If we examine today’s regulatory landscape across Europe, the Middle East and Africa (EMEA), we see a minefield of complexity and requirements that financial organisations must meet.

In the UK specifically, with Basel III and papers such as The Basel Committee on Banking Supervision’s (BCBS) 196 and 222 being recently published, financial organisations in the UK face evermore pressure to meet the demands set by the regulator as we fast approach the 2016 deadline. Looking across Europe’s financial landscape, the friction between regulatory boundaries is clear. Countries such as France and Germany in part favour stricter controls around the minutiae of detail while other EU participants, both regulatory and within the market, believe that the market should manage these aspects themselves and that these details should be the responsibility of the exchanges to define.

An example of the strategic changes taking place within regulatory bodies, in order to meet these new demands in the market, is the splitting of the UK regulatory body from April 2013. What was once the Financial Services Authority (FSA) will now become two regulatory bodies that will carry forward the work on outcomes-based regulation, intensive firm supervision and credible deterrence, entitled the Prudential Regulation Authority (the PRA) and the Financial Conduct Authority (the FCA), according to FSA.gov.uk. This move is an indicator of the renewed focus on the regulatory landscape and firms must ensure their risk management infrastructure is transformed and capable of providing the regulators with the accurate and timely risk data they require.

The steps financial organisations must take to ensure they meet the regulatory challenges vary heavily across the size and nature of firms currently operating in the market:

1. Tier one globally systemic organisations (i.e., the global investment banks).

Tier one banks suffer from decades of mergers and acquisitions which required the integration of technology platforms across varying levels within the new larger organisation. The result is unnecessary layers and outdated technology and risk infrastructure across a global enterprise that is unable to deliver effective risk management programmes and meet regulatory demands.

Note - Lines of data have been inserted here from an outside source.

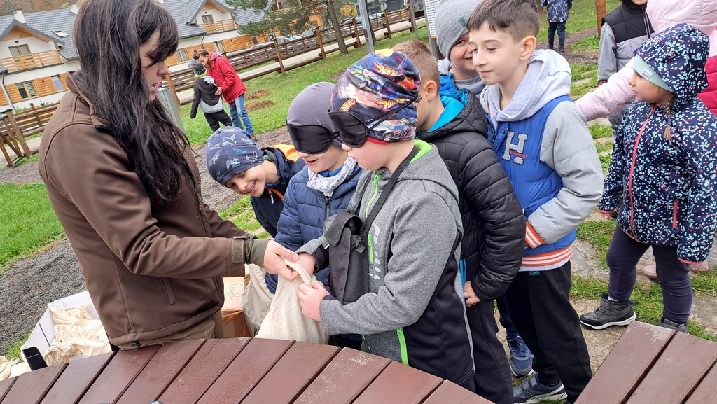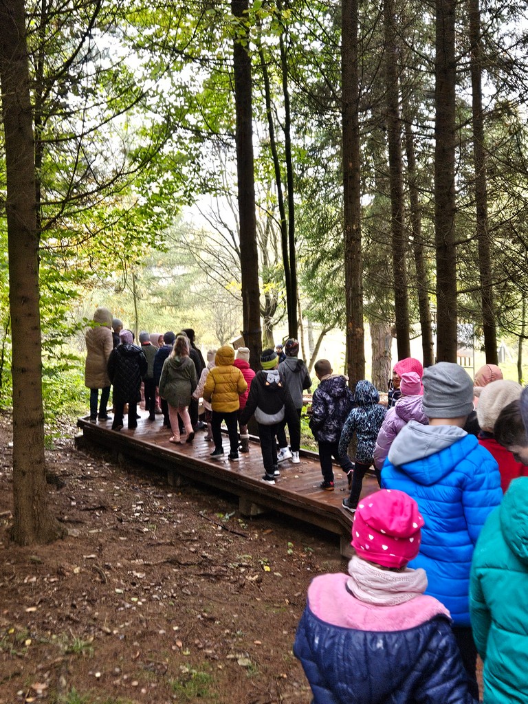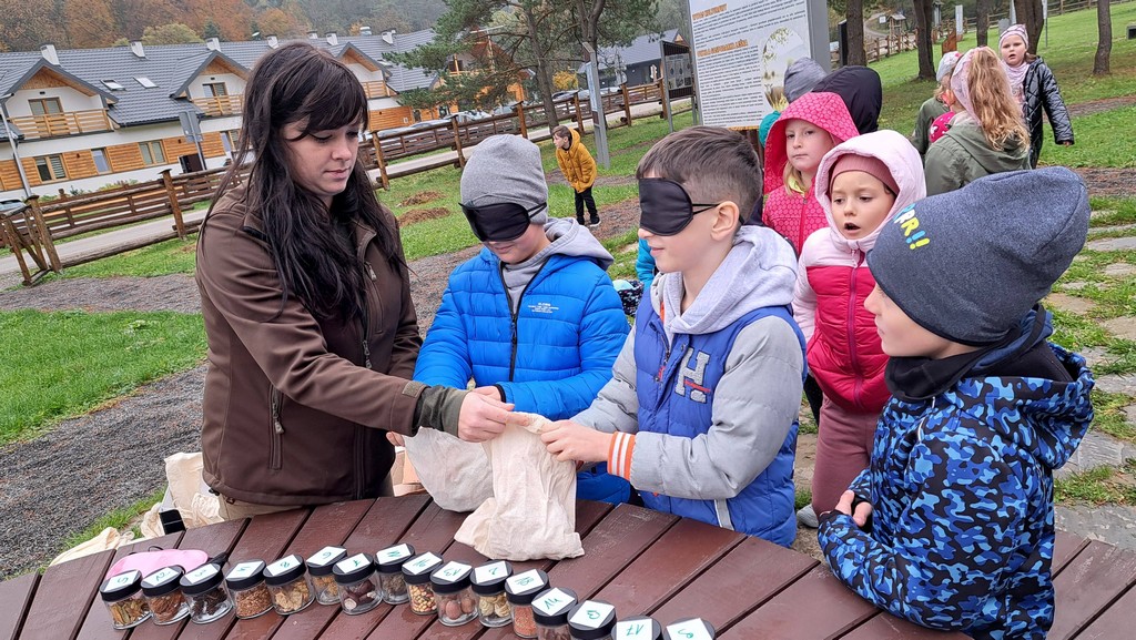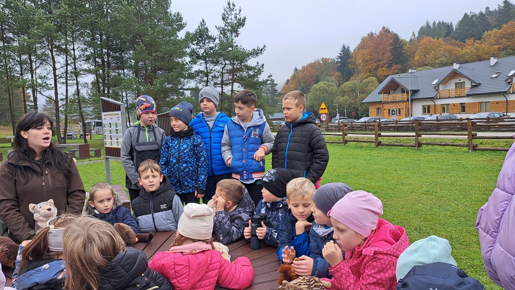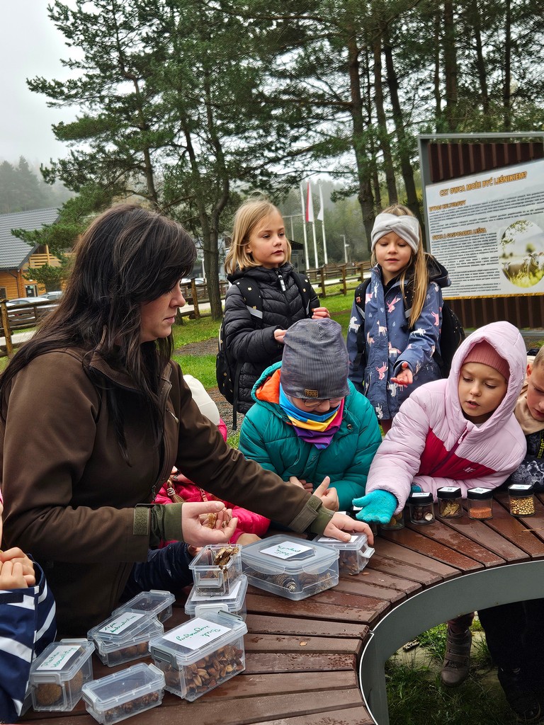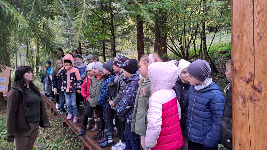 Na miejscu uczniów powitała Pani Izabela Maciąg z Nadleśnictwa Gorlice , która zaprosiła je na wspólny spacer po lesie. Podczas wędrówki dzieci poszukiwały jesiennych darów lasu i oglądały drzewa w pięknych kolorowych barwach. Dowiedziały się także jakich mieszkańców lasu można spotkać w rejonie Beskidu Niskiego i na co trzeba szczególnie zwracać uwagę podczas spacerów po lesie, m.in. jakich nie zbierać grzybów. Ponadto Pani leśnik pokazała dzieciom norę bobrów.
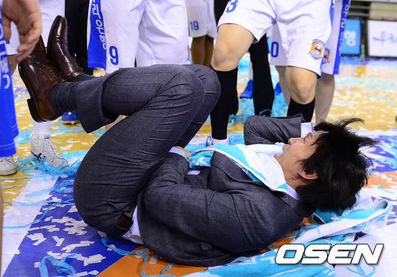 2일 오후 춘천호반체육관에서 열린 '우리은행 2013-2014 여자프로농구' 춘천 우리은행과 안산 신한은행의 경기 종료 후 우리은행 위성우 감독이 선수들에게 우승 기념 구타를 당하고 있다.
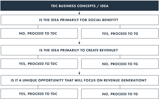The image below represents a summary of considerations for individuals, organizations, and strategic partners wishing to advance a potential business venture/by with the TDC.
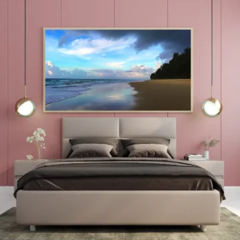 استمتع بجمال الطبيعة الخلابة مع هذه اللوحة التي تجسد سحر الشاطئ تحت سماء زرقاء مفعمة بالغيوم. تعكس الأمواج الهادئة والرمال الذهبية لحظات من الهدوء والسكينة، مما يجعلها إضافة مثالية لأي مساحة تبحث عن لمسة من الأناقة والراحة.
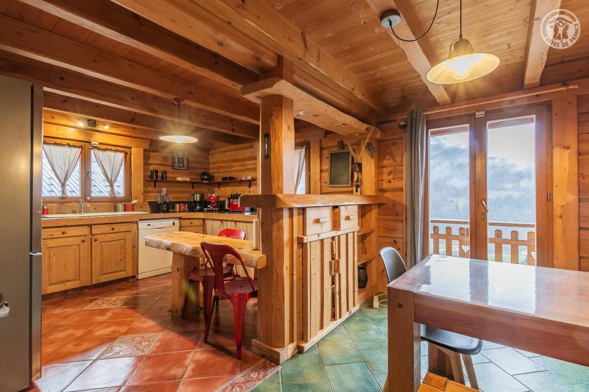 „Chalet très spacieux très bien équipé qui respire le bois massif qui laisse entrer le soleil et une vue superbe, qui invite à de bonnes tablées à des nuits confortables et reparatrices et qui nous donne beaucoup de regrets à quitter !“
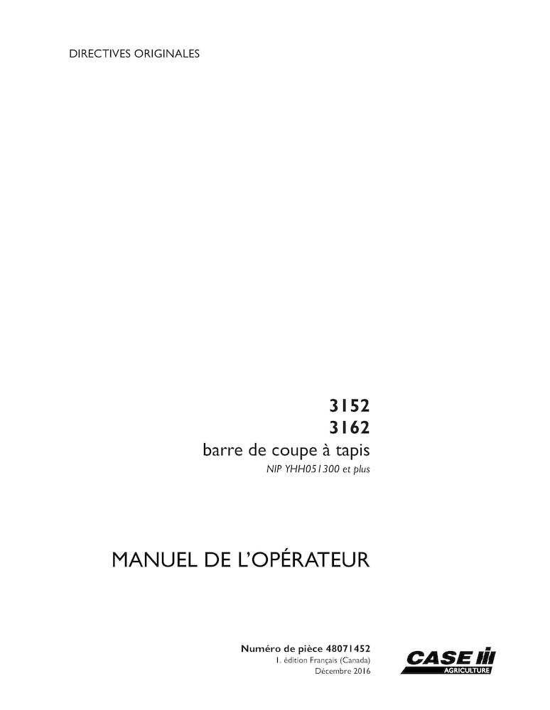 Case 3152, 3162 PIN YHH051300- draper header pdf operator's manual FR (48071452)

2. Multinationals / regional financial organisations (i.e., those with significant investment banking capabilities in one or more countries or regions)

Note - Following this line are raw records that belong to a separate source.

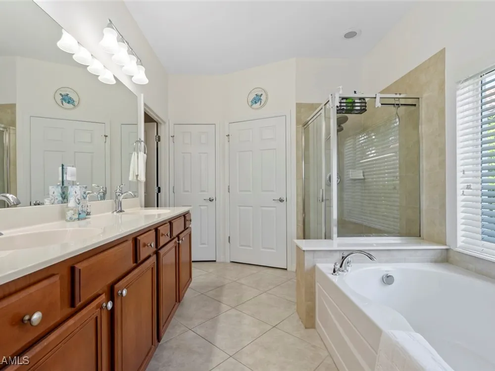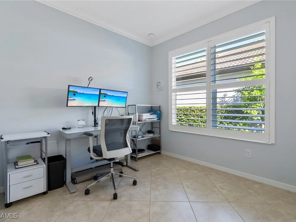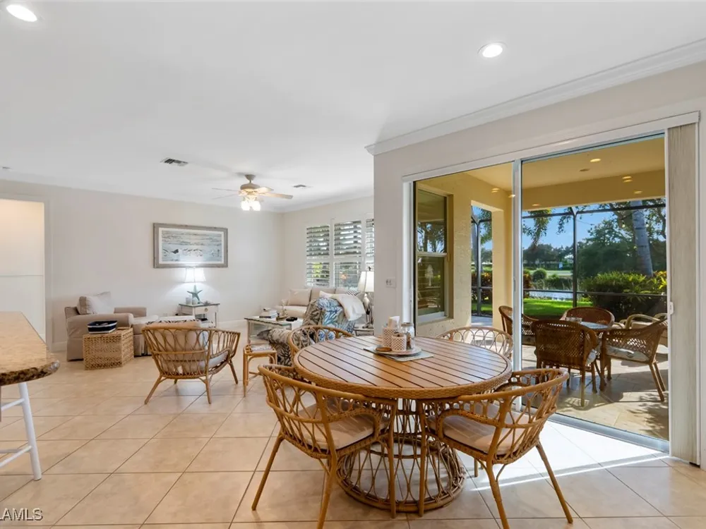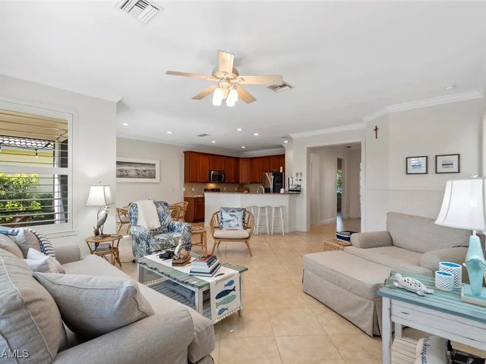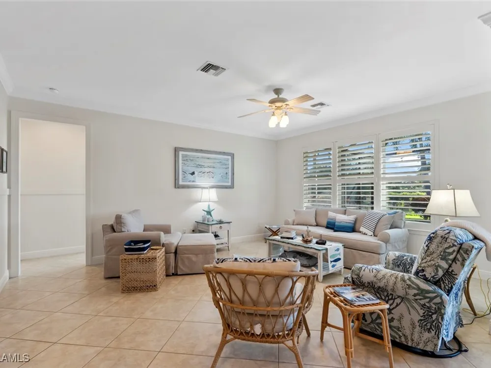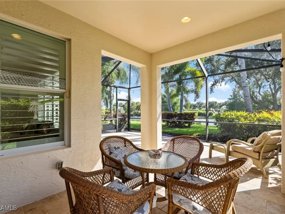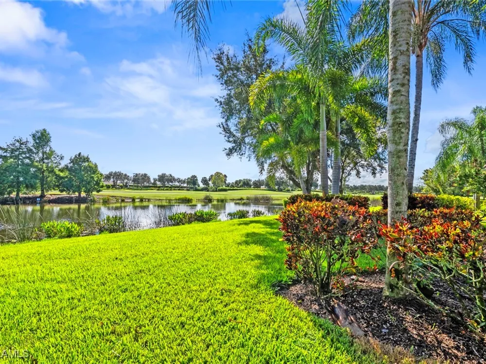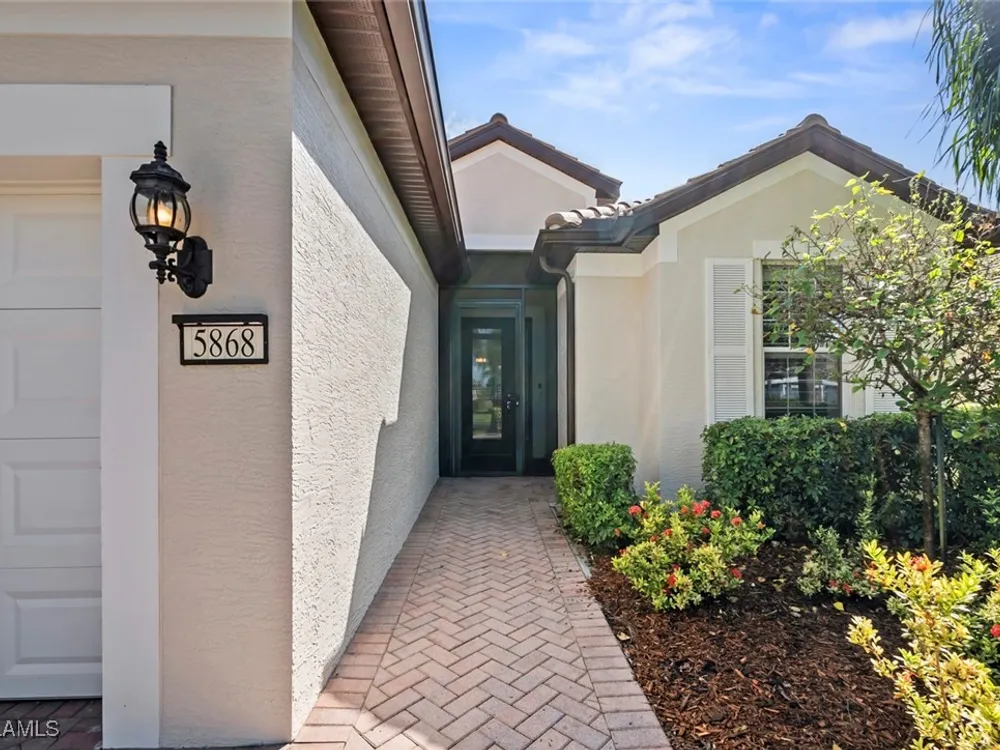 GOLF & WATER VIEWS! Step into this beautifully maintained COPPER RIDGE floor plan in the 55+ Del Webb Naples golf community. Enjoy breathtaking SUNRISES from the oversized EXTENDED LANAI finished with upgraded TRAVERTINE PAVERS - perfect for morning coffee or evening gatherings. Inside, the KITCHEN is appointed with a newer dishwasher, LG refrigerator, and plenty of space for culinary creativity. The PRIMARY SUITE is a private retreat featuring a custom walk-in closet, dual sinks, a walk-in shower, and a relaxing soaking tub. A guest bedroom plus a flexible den provide ideal space for visitors, a home office, or hobbies. ADDITIONAL UPGRADES include a newer washer and dryer, PLANTATION SHUTTERS, wainscoting, luxury vinyl and TILE FLOORING THROUGHOUT, and fresh interior and exterior paint. For peace of mind, the Simply Safe ALARM SYSTEM is equipped with fire and moisture detection, interior/exterior cameras, and motion sensors. With FURNISHINGS NEGOTIABLE, this home is ready to move in NOW!This home comes with the SOCIAL MEMBERSHIP, but take note GOLF LOVERS, Panther Run Golf Club offers optional MEMBERSHIPS with premium golf experiences just steps from your backyard. In Del Webb Naples, you’ll enjoy WORLD-CLASS AMENITIES that rival luxury resorts: dine at the Rusty Putter Restaurant, soak in the RESORT-STYLE or LAP POOLS, break a sweat in the state-of-the-art FITNESS CENTER, and play your way through PICKLEBALL, TENNIS, bocce, billiards - even a top-tier GOLF SIMULATOR! Need groceries, church, or a bite to eat? Just hop in your golf cart and cruise into town - Publix and the heart of Ave Maria are just minutes away. This isn’t just a home - it’s a LIFESTYLE UPGRADE in one of Southwest Florida’s most vibrant 55+ communities. Don’t miss your chance to live where fun, fitness, and friendships flourish year-round!
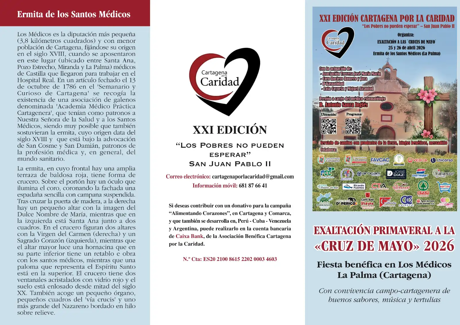 La iniciativa, organizada por la Cartagena por la Caridad, tiene como principal objetivo recaudar fondos para restaurar la histórica ermita de los Santos Médicos, dedicada a San Cosme y San Damián, patronos del ámbito sanitario.
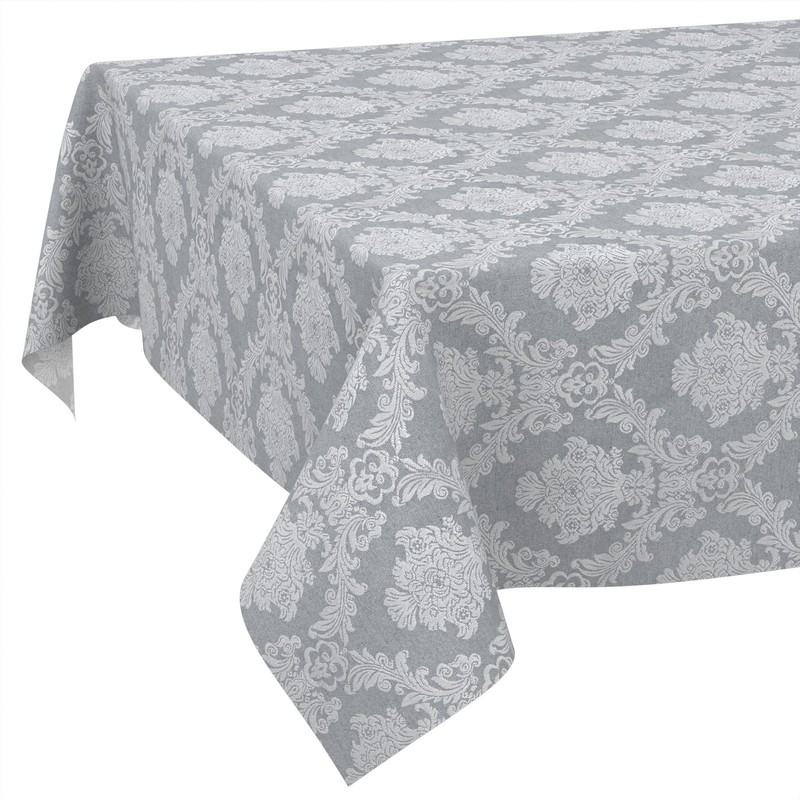 Fabric Tablecloth, Textile Table Linen, Cotton Polyester, Washable, Plain Ornamental Damask Jacquard Fabric, Washable, Baroque Grey, 100 x 140 cm, Cut Edge

Regional organisations have been victims of underinvestment, which has caused a certain degree of culture and infrastructure stagnation. Innovation and next generation of risk analysis often are lagging when compared to the firm’s headquarters.

To combat this, the multinational banks must put an effective incentive practice in place to ensure their people understand why the changes their risk infrastructure systems must make are necessary and why this will benefit them. Providing the opportunity for their people to acquire new skills, employing ‘new blood’ in the organisation and confirming and promoting a top down vision for the organisation with a consistent view of risk management are all essential steps to combating the culture problem that is currently holding back tier two organisations with their battle to meet the ever progressing regulatory demands.

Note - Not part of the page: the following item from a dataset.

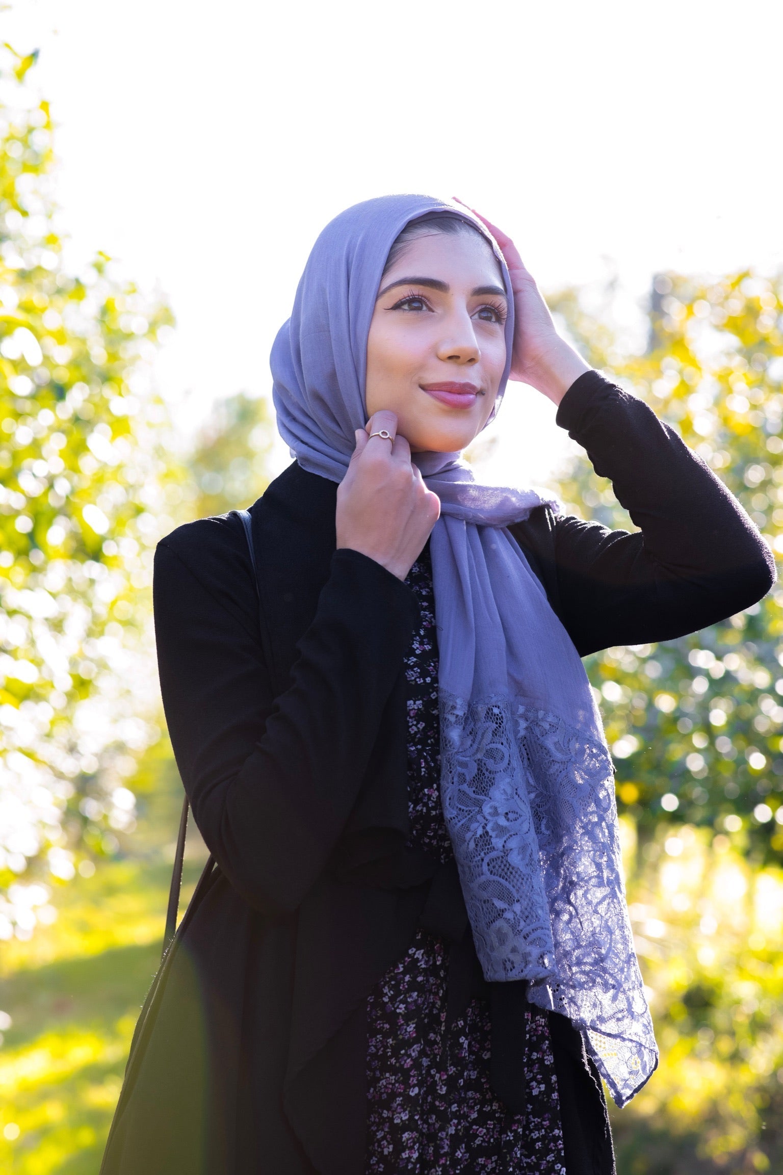 Crafted with our modal fabric, the Modal Lace Hijab features beautiful lace edges on both sides with slight sheen. Modal is one of our highest quality fabrics. With the elegant and natural shine, these hijabs are perfect for every day casual wear or occasion wear. Modal Hijabs drape elegantly and give a natural and luxurious feel. This fabric is also breathable and sweat resistant. This lightweight modal hijab will keep you cool and comfortable!

3. Emerging market organisations (i.e., banks in areas of significant growth)

Emerging market organizations until recently have only had to answer to their local regulatory guidelines.  Given the increased globalisation of the financial services industry, the regulatory demands of more developed countries will soon be the new standard for all organizations and emerging market banks must adopt. The one benefit that they have compared to their larger tier-one banks is their size.  Their simplistic infrastructure will be easier to adopt to new requirements compared to their tier-one competitors who are tangled in years of infrastructure challenges.

The emerging market firms must not make the same mistake as the established and further developed organisations. Historically, these firms have viewed risk management as a cost of doing business and not as a positive advantage and as a result, their risk systems did not receive the investment and level of visibility that is so strongly required to ensure the firm possesses the correct tools to protect themselves and their customers.

Call to Action

Every single organisation across these three categories, despite the differing problems they face, will have to make a significant investment in the near future in order to meet regulators and business demands for risk management. The investment required can be summarised across two key trends:

1. Significant simplification is required across the investment banking industry.

2. Firms must tie in the regulatory requirements with business value strategies.

To ensure predictability and transparency in the future development of the investment banking industry firms must simplify their products and processes in order to create a more factory based approach that will result in more straightforward application of risk management programmes to the day to day running of the business. This involves firms being honest about their core capabilities and moving away from costly, siloed and bespoke practices such as developing custom infrastructure to support their business, except where the organisation has the experience and support to focus on these business areas. In addition, much can be learnt from these ‘bleeding edge’ business environments that should be applied to other areas of the business to move the advancement of on-demand and predictive analysis through the value-chain to the middle and back office.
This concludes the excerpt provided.